**DATA SEGMENT**
***

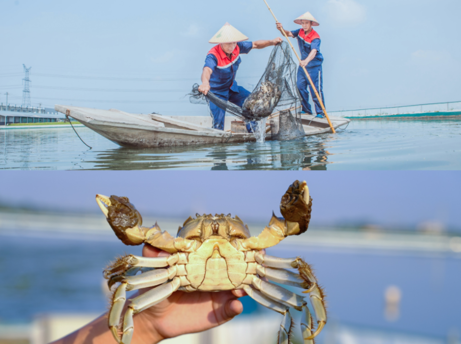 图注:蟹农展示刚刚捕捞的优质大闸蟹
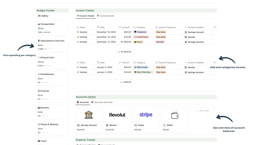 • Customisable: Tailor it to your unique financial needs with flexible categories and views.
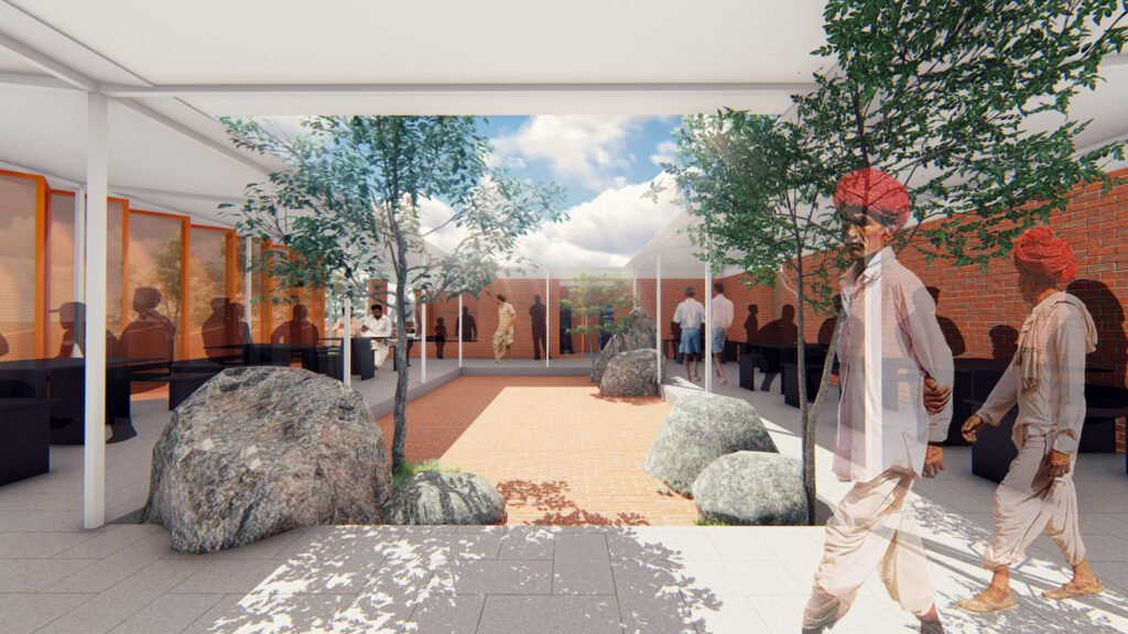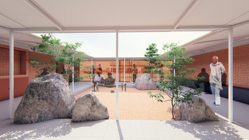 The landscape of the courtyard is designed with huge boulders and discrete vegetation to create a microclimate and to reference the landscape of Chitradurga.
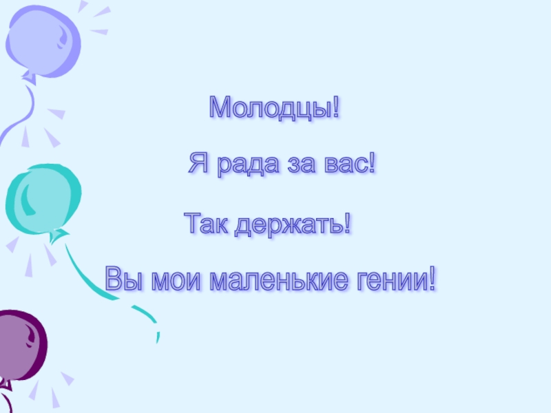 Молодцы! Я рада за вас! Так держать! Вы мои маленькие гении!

***

Your answer must be the lines from the line containing "The landscape of the" through the final line of the data, written out exactly, both ends included and pictures left out.

**YOUR RESPONSE**
 The landscape of the courtyard is designed with huge boulders and discrete vegetation to create a microclimate and to reference the landscape of Chitradurga.
 Молодцы! Я рада за вас! Так держать! Вы мои маленькие гении!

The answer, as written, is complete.